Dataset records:
══════════

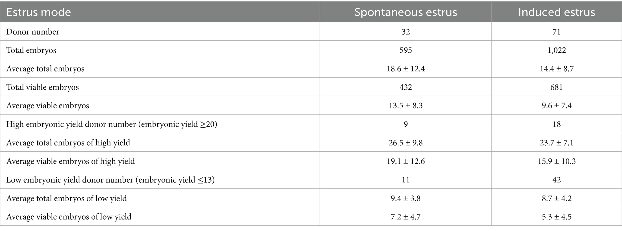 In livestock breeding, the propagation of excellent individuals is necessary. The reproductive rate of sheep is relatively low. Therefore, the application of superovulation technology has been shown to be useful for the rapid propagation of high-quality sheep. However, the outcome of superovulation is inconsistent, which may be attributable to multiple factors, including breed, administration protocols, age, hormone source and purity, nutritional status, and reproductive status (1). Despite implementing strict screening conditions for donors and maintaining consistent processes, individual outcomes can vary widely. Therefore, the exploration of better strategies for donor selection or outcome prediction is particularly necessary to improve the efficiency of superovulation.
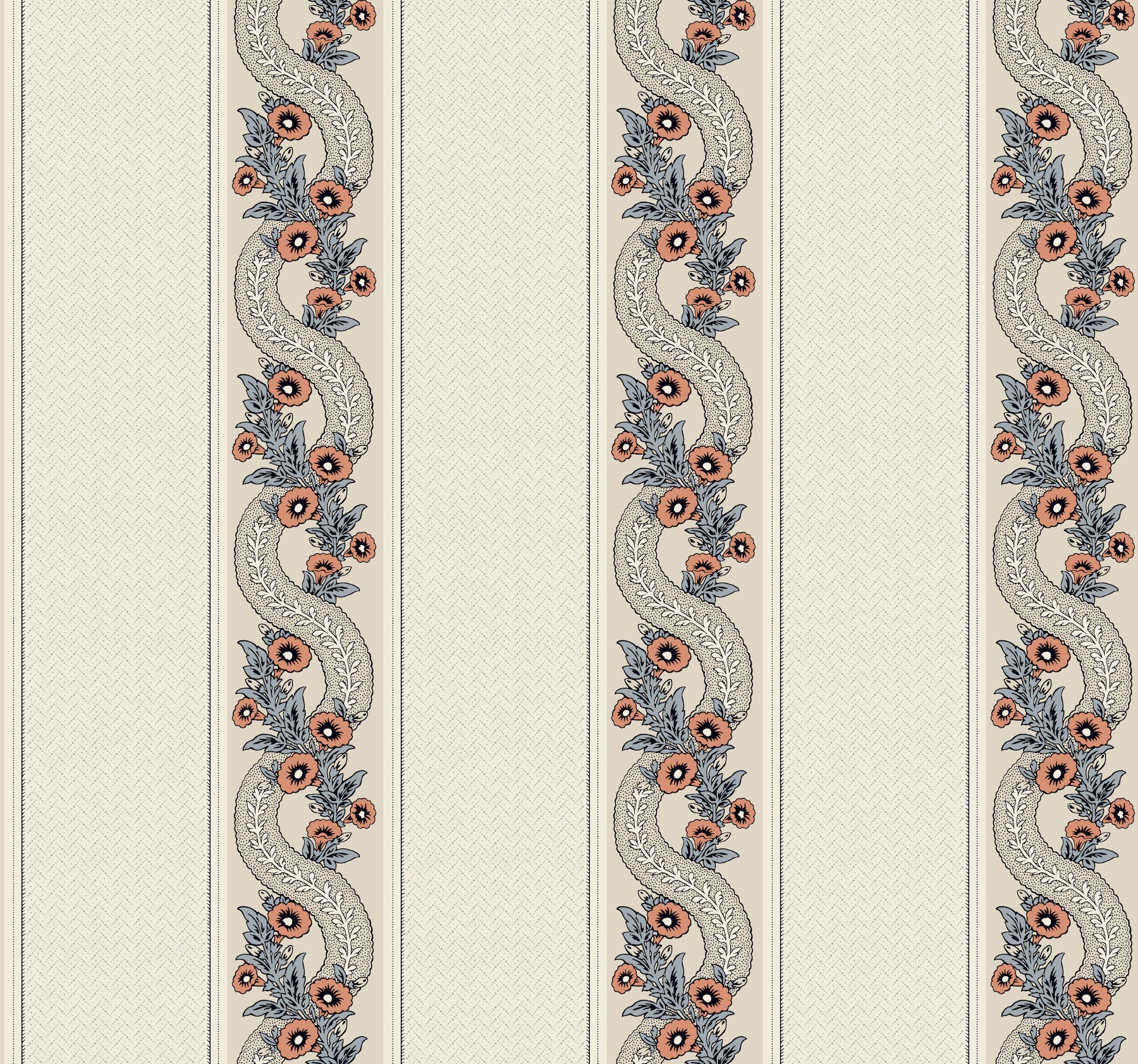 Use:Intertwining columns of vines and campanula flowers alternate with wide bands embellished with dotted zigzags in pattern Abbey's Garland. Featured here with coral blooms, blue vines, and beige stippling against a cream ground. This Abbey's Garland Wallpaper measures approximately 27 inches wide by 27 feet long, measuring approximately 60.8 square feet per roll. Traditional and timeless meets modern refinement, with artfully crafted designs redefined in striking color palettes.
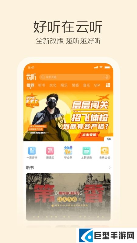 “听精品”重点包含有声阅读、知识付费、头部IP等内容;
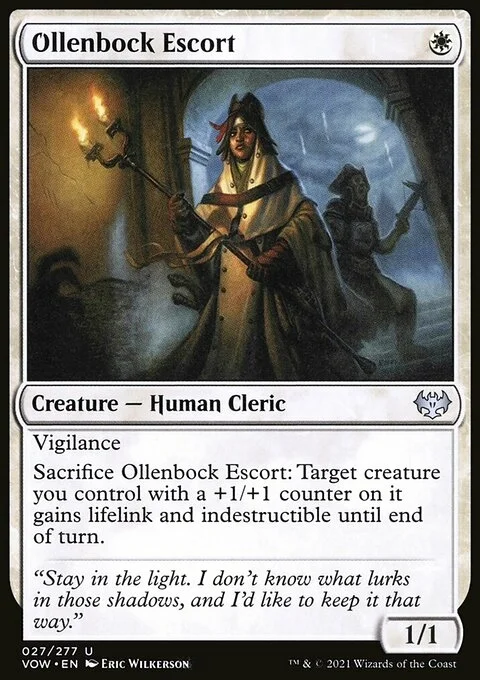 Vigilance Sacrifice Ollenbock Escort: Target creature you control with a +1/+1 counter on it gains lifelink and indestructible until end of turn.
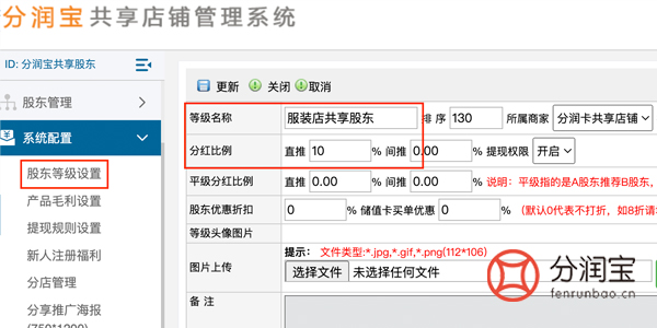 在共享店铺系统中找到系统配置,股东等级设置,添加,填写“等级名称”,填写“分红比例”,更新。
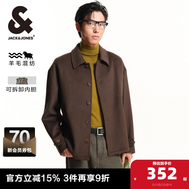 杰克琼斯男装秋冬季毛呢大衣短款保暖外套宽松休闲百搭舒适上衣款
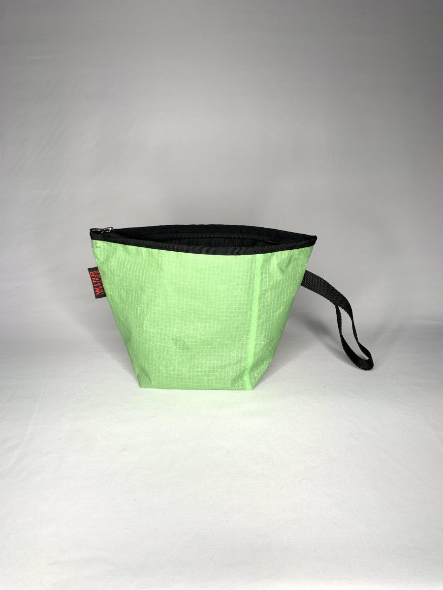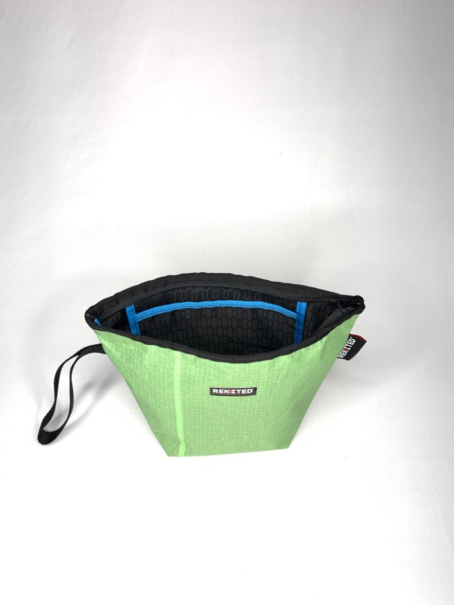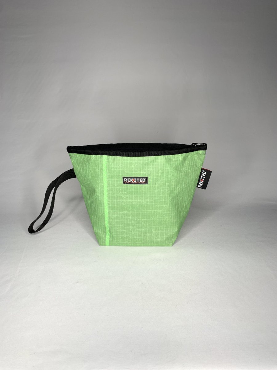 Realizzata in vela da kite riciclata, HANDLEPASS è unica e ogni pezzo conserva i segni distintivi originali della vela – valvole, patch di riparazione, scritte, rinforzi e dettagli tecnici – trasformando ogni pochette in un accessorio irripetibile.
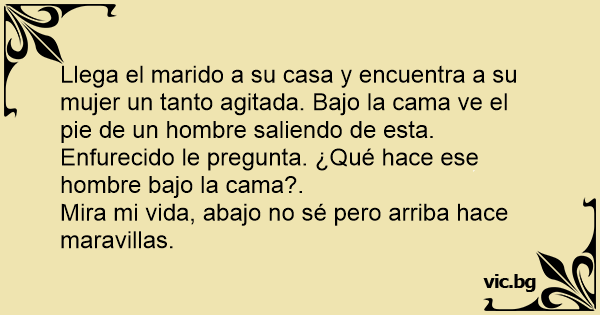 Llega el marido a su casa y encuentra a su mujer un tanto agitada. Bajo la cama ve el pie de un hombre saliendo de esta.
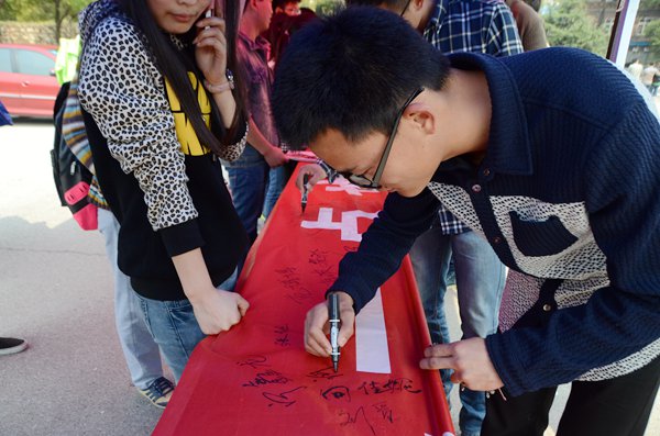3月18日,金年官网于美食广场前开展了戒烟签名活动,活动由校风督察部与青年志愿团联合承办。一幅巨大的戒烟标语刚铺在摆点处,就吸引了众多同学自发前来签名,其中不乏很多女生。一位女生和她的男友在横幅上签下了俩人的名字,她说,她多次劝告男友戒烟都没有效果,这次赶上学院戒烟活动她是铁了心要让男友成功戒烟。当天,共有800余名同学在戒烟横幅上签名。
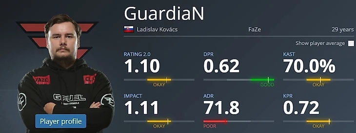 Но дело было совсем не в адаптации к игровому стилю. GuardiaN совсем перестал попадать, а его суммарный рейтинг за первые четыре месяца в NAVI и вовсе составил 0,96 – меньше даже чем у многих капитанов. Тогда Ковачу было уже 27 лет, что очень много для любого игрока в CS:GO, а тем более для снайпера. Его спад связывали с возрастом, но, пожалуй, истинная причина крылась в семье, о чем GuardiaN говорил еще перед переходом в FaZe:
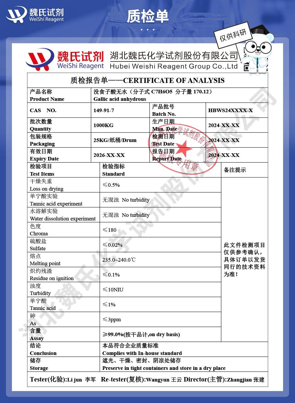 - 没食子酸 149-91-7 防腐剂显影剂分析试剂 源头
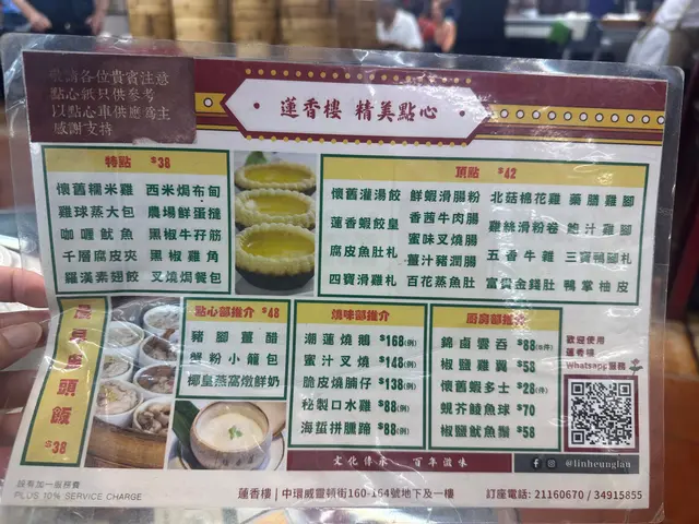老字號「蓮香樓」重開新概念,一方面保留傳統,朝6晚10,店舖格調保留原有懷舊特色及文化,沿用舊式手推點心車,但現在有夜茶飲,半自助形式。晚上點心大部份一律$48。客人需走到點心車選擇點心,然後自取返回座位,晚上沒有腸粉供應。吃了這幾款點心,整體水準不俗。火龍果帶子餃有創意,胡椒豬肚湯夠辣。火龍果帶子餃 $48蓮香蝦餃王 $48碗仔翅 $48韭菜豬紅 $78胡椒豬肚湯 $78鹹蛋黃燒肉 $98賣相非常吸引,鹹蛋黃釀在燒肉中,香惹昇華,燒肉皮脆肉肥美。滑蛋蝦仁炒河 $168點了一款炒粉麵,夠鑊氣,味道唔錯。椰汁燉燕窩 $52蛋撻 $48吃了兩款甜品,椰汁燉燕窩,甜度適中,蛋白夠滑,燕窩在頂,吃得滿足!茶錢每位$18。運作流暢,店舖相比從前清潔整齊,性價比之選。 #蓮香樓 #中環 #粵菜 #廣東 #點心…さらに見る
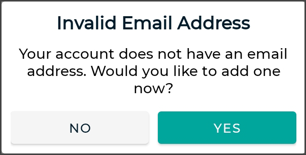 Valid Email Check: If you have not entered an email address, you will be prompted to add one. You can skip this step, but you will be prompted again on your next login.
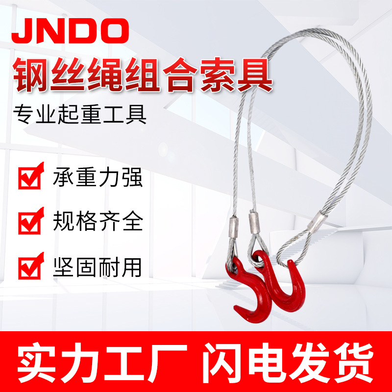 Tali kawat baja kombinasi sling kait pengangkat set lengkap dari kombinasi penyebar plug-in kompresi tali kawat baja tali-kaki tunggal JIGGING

══════════

_EXERCISE GOAL_. What you return must match the lines above from the one with "在共享店铺系统中找到系统配置" through the one with "杰克琼斯男装秋冬季毛呢大衣短款保暖外套宽松休闲百搭舒适上衣款" exactly, with both ends included and the pictures excluded.

_ANSWER TO THIS EXERCISE_.
 在共享店铺系统中找到系统配置,股东等级设置,添加,填写“等级名称”,填写“分红比例”,更新。
 杰克琼斯男装秋冬季毛呢大衣短款保暖外套宽松休闲百搭舒适上衣款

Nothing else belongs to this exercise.